The data below:

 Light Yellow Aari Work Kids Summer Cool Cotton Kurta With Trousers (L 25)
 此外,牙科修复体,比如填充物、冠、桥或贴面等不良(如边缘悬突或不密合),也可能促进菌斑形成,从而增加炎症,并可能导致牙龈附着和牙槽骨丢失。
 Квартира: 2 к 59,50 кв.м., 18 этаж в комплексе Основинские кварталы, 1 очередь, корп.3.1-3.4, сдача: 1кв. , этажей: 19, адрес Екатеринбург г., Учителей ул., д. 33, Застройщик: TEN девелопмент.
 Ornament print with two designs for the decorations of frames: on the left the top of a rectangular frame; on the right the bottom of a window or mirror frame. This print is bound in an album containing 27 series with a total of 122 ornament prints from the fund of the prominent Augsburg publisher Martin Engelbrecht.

End of The data.
The data below:

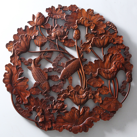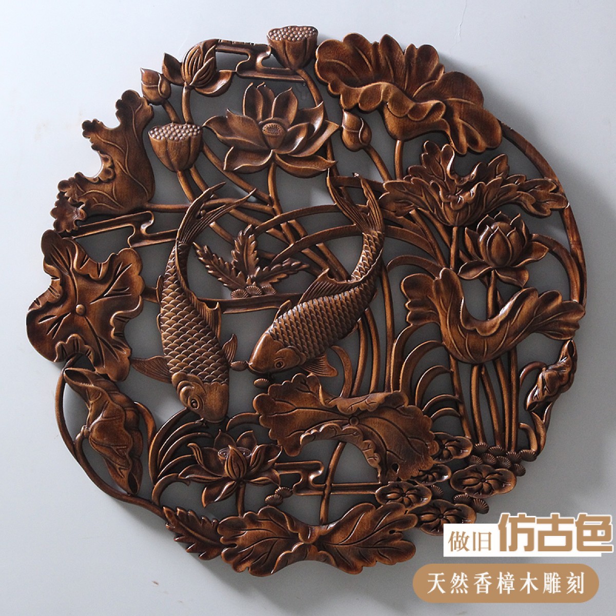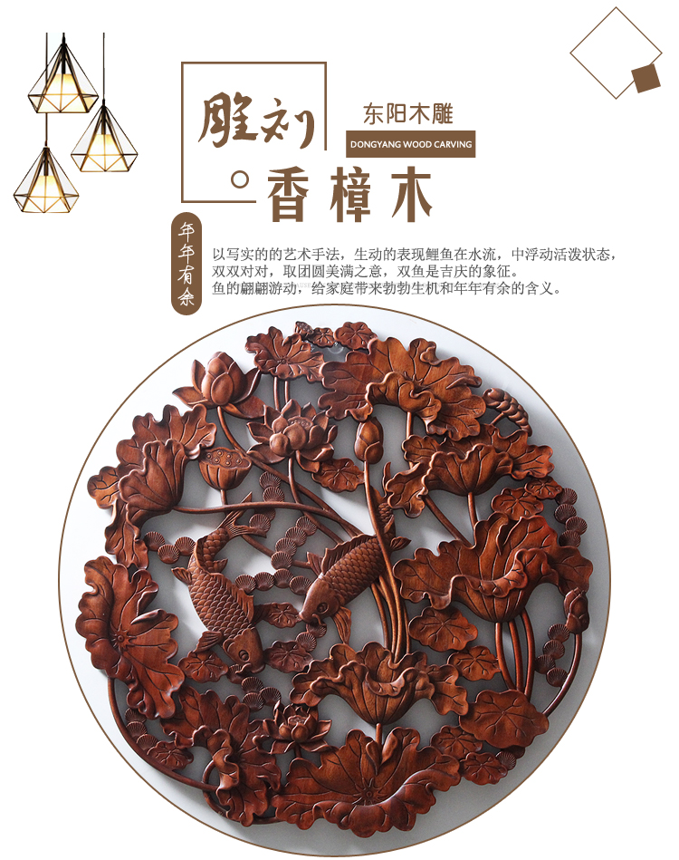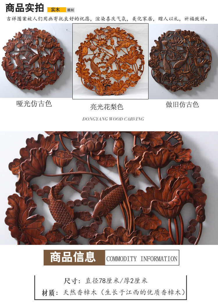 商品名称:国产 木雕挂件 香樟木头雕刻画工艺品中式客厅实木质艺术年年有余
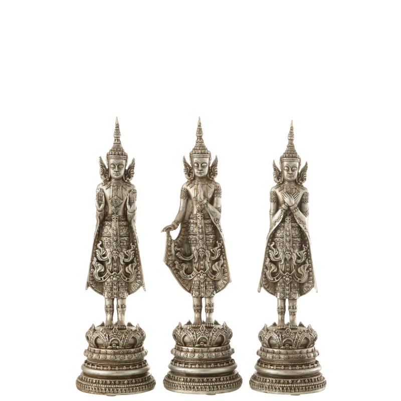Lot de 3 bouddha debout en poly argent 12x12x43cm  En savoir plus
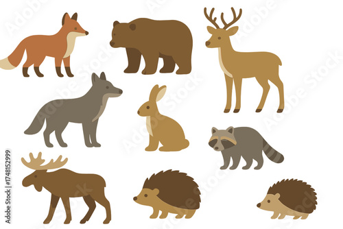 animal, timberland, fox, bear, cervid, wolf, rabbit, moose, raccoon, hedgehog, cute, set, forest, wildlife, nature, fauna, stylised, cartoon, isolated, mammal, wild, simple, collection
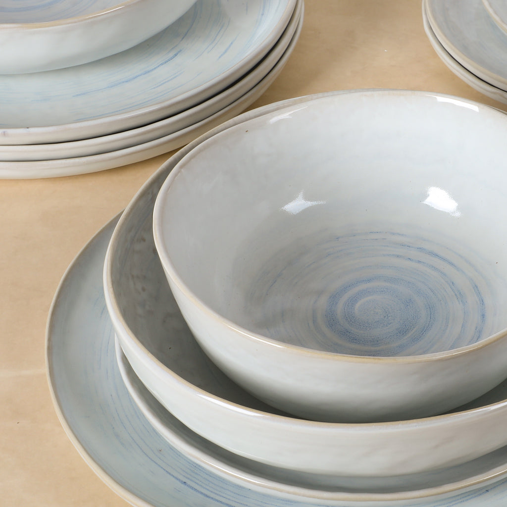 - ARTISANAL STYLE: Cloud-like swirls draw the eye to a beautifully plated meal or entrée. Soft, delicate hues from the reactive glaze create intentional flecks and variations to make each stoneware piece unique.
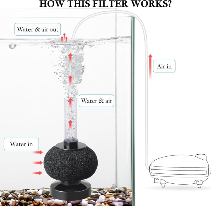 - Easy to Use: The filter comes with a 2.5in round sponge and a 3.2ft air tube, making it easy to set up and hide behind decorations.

End of The data.
The data below:

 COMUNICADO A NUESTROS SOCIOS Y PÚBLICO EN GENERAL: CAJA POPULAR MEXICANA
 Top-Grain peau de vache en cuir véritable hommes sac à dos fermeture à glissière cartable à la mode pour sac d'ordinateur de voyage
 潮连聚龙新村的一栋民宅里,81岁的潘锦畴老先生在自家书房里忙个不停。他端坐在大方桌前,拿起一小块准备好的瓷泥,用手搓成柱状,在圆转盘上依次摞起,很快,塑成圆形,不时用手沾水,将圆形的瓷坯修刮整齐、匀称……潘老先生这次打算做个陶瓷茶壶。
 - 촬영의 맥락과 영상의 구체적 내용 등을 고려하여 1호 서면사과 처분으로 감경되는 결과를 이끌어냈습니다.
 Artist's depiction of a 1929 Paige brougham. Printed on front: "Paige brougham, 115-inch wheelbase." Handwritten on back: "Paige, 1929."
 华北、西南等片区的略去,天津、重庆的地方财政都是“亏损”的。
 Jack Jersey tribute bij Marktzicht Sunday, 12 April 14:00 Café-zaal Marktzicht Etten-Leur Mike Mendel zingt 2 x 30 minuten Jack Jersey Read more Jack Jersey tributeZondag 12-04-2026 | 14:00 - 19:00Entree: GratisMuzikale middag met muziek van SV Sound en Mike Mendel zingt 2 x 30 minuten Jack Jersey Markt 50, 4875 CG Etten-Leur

End of The data.

● About this exercise: From the entries above, print the lines beginning at the one with "Light Yellow Aari" and stopping after the one with "Квартира: 2 к", exactly as written and with nothing else.

● Output:
 Light Yellow Aari Work Kids Summer Cool Cotton Kurta With Trousers (L 25)
 此外,牙科修复体,比如填充物、冠、桥或贴面等不良(如边缘悬突或不密合),也可能促进菌斑形成,从而增加炎症,并可能导致牙龈附着和牙槽骨丢失。
 Квартира: 2 к 59,50 кв.м., 18 этаж в комплексе Основинские кварталы, 1 очередь, корп.3.1-3.4, сдача: 1кв. , этажей: 19, адрес Екатеринбург г., Учителей ул., д. 33, Застройщик: TEN девелопмент.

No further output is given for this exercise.